Section 3.05 Consents.

          Except for any required vote of the stockholders of Seller and Purchaser, no consents, waivers or approvals of, or filings, registrations or authorizations with, any Governmental Entity is necessary, and no consents, waivers or approvals of, or filings, registrations or authorizations with, any other third parties are necessary, in connection with (a) the execution and delivery of this Agreement by Seller, and the completion by Seller of the Merger. Seller has no reason to believe that (i) any required approvals or other required consents or approvals will not be received, or that (ii) any public body or authority, the consent or approval of which is not required or to which a filing is not required, will object to the completion of the transactions contemplated by this Agreement. Seller is not subject to regulation of its business or operations under any Federal law (to the extent Seller is required to register or file reports with any Government Entity) or state public utilities laws.

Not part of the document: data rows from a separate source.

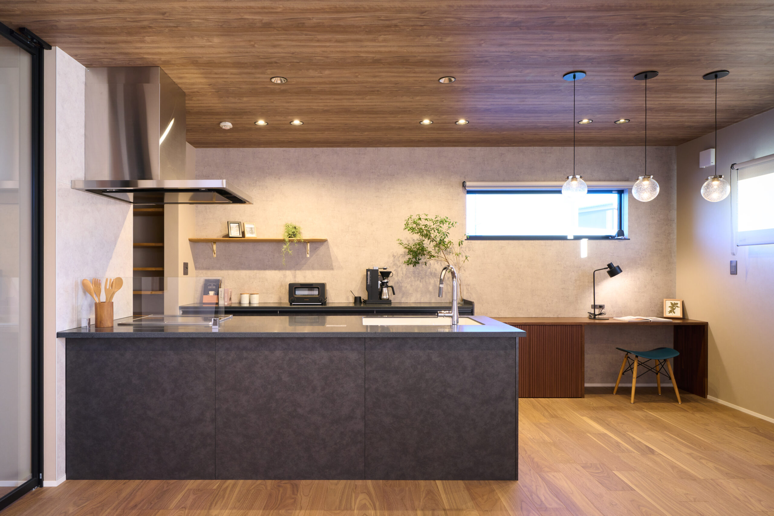 キッチンダイニングは流行りの対面式+横付けテーブルの設定に。 料理中でもリビングの様子が見渡せ、配膳もスムーズです。 色はブラックを採用し、空間に高級感をプラスしました。
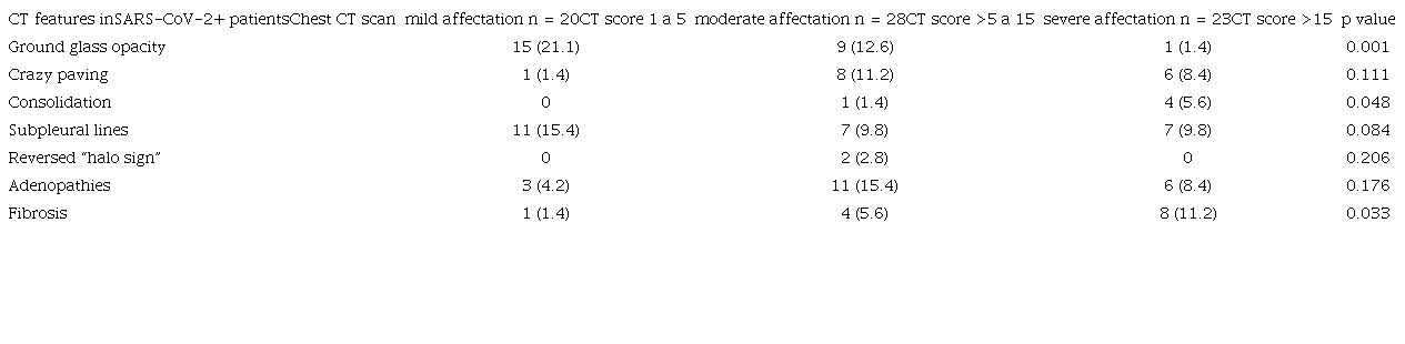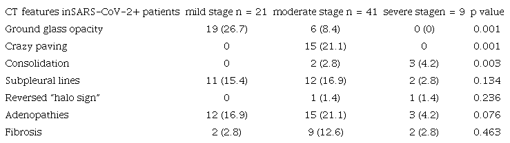 The characteristics of the chest tomography and the clinical classification of covid-19 according to the severity of the symptoms in this group of patients was that the GGO tomographic pattern was significantly more prevalent in the mild clinical stage (19 patients, 26.7%; p <0.001), while the crazy paving tomographic pattern (15 patients, 21.1%; p < 0.001) in the moderate clinical stage and pulmonary consolidation (three patients, 4.2%; p < 0.003) were significantly more frequent in the severe clinical stage of this group of patients (Table 4).
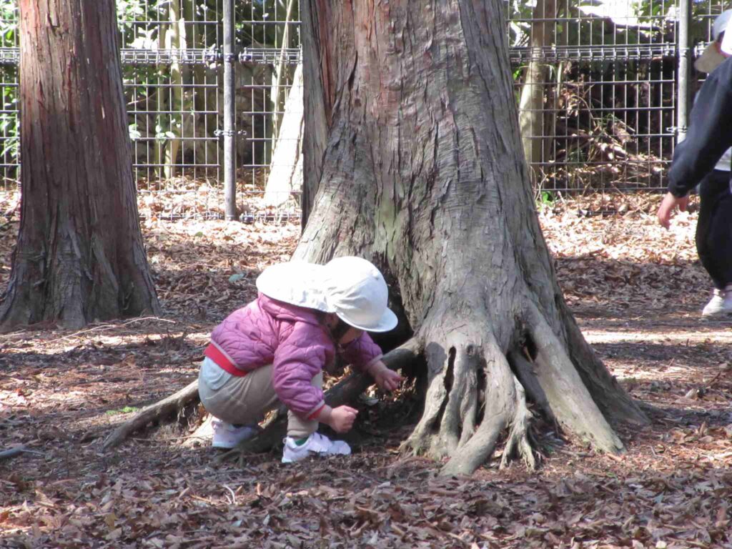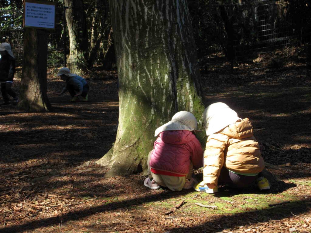 その間、1歳児クラスの2人がしゃがみこんで土や葉っぱをいじる姿も、なかなかよかったです。
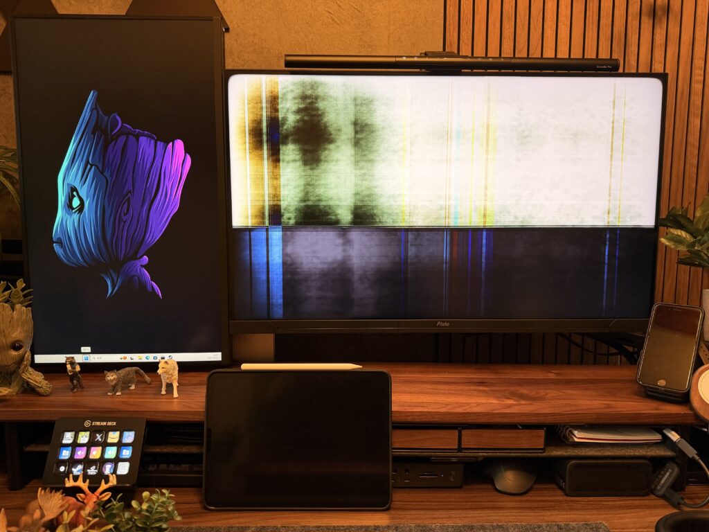先日突然モニターがこのような状況になってしまったのですが、日曜日に問い合わせフォームに症状等を入力し送信したところ、翌朝には交換対応となる旨の返信があり、夕方には交換品が発送され、火曜日には手元に届きました。
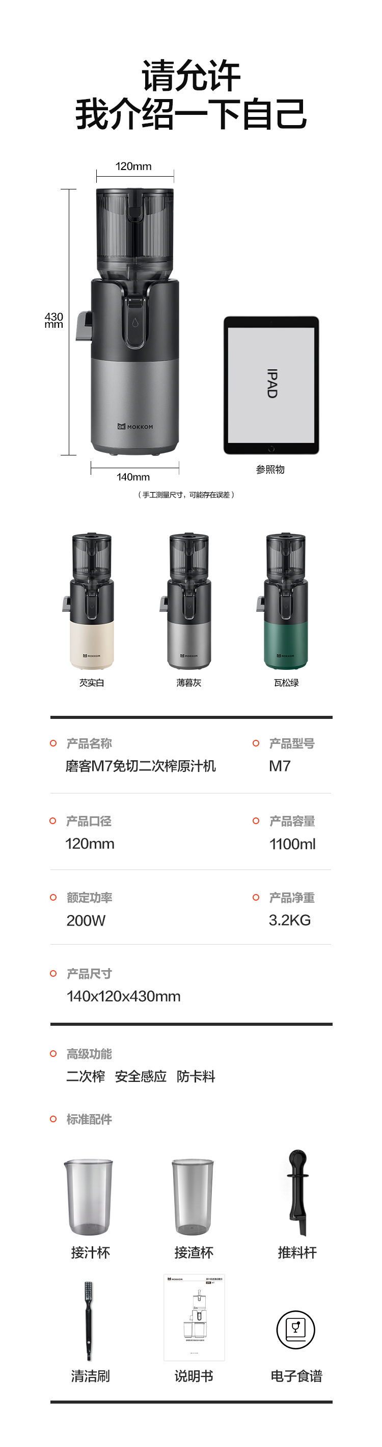 磨客(MOKKOM) M7-G 1100ML 榨汁机 薄暮灰(单位:台)
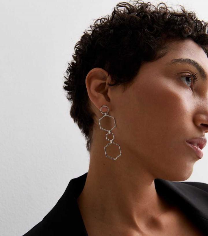 Jewellery | New Look Womens Silver Cut Out Hexagon Drop Earrings
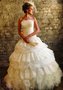 Романтичное свадебное платье для самых нежных натур. Заниженный корсет с лёгкой драпировкой украшено объёмными узорами на груди. Пышная юбка с несколькими ярусами из ткани различной фактуры смотрится свежо и необычно. Некоторые воланы украшены сверкающей вышивкой. Представленная модель может быть со шлейфом, так и без него.
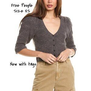 Free People Puff Sleeve Cropped Cardigan in Grey, Size XS - New With Tags
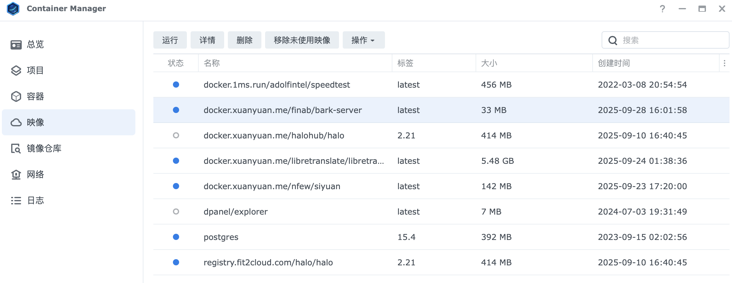由于我是使用了群晖NAS作为Docker的基础,在群晖 Container Manager的镜像仓库中搜索bark-server,找到finab作者的镜像后点击下载。下载完成后可以在左侧的映像选框中查看已下载好的映像
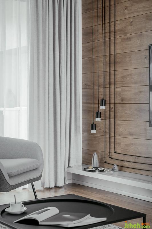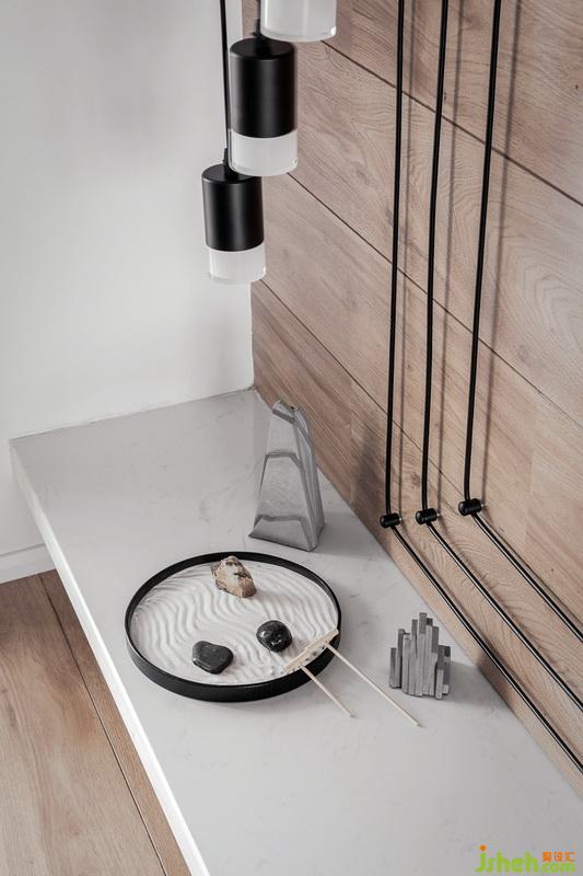 大面積的木色與白,搭配黑、灰色,使得自然溫潤(rùn)的環(huán)境中加以立體感。當(dāng)陽光傾灑,自然氣質(zhì)更趨濃郁,天然考究的餐具,現(xiàn)代美感又不失生活情調(diào)??臻g中的關(guān)系,在光下,身心感受無比輕松愜意,是清晨起身親手烤的面包,是風(fēng)塵仆仆歸家目睹這份溫馨,不再疲憊,做份精致的晚餐,把自己逗樂。生活本該是一場(chǎng)日夜更替的美麗,燈光下的暖流照樣是感動(dòng)身心的風(fēng)景。
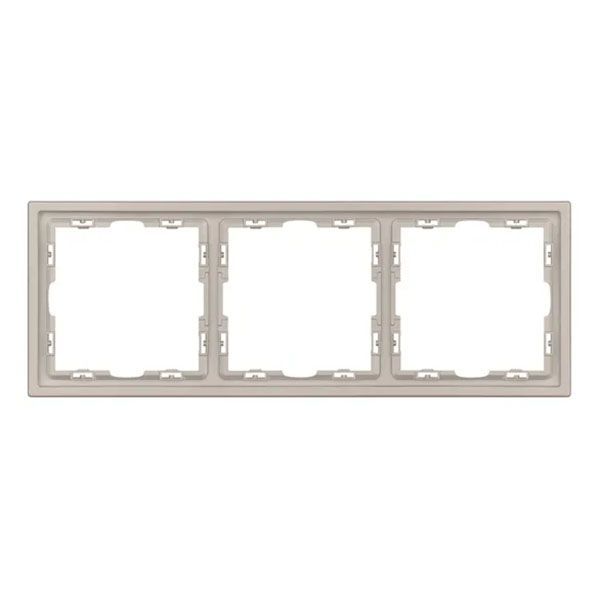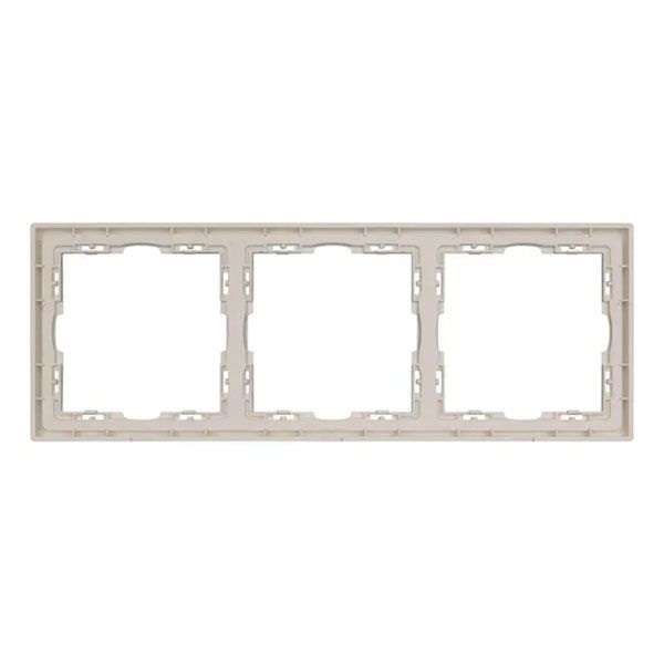 Рамка пластиковая на 3 поста, под встраиваемый механизм. Цвет - кашемир, с Soft-Touch поверхностью. Среднего уровня герметичности IP20. Ориентация монтажа горизонтальная.

Section 3.06 Absence of Certain Changes or Events.

          Since December 31, 2005 (i) Seller has not incurred any liability, except in the ordinary course of its business consistent with past practice; (ii) Seller has conducted its business only in the ordinary and usual course of such business; and (iii) there has not been any condition, event, change or occurrence that, individually or in the aggregate, has had, or is reasonably likely to have, a Material Adverse Effect.

Section 3.07 Taxes.

          (a) (i) Seller has filed or caused to be filed, and with respect to Tax Returns due between the date of this Agreement and the date the Effective Time occurs, will timely file (including any applicable extensions) all Tax Returns required to be filed, (ii) all such Tax Returns are, or in the case of such Tax Returns not yet filed, will be, true, complete and correct in all material respects and such Tax Returns correctly reflected (or in the case of such Tax Returns not yet filed, will correctly reflect) the facts regarding the income, business, assets, operations, activities, status and other matters of Seller and any other information required to be shown thereon, and (iii) all Taxes of Seller (whether or not reflected on any such Tax Returns) attributable to a Pre-Effective Time Tax Period have been, or in the case of Taxes the due date for payment of which is between the date of this Agreement and the date the Effective Time occurs, timely paid in full, including, without limitation, all Taxes which Seller is obligated to withhold for amounts paid or owing to employees, independent contractors, stockholders creditors and other third parties other than Taxes that have been reserved or accrued and which the Seller is contesting in good faith.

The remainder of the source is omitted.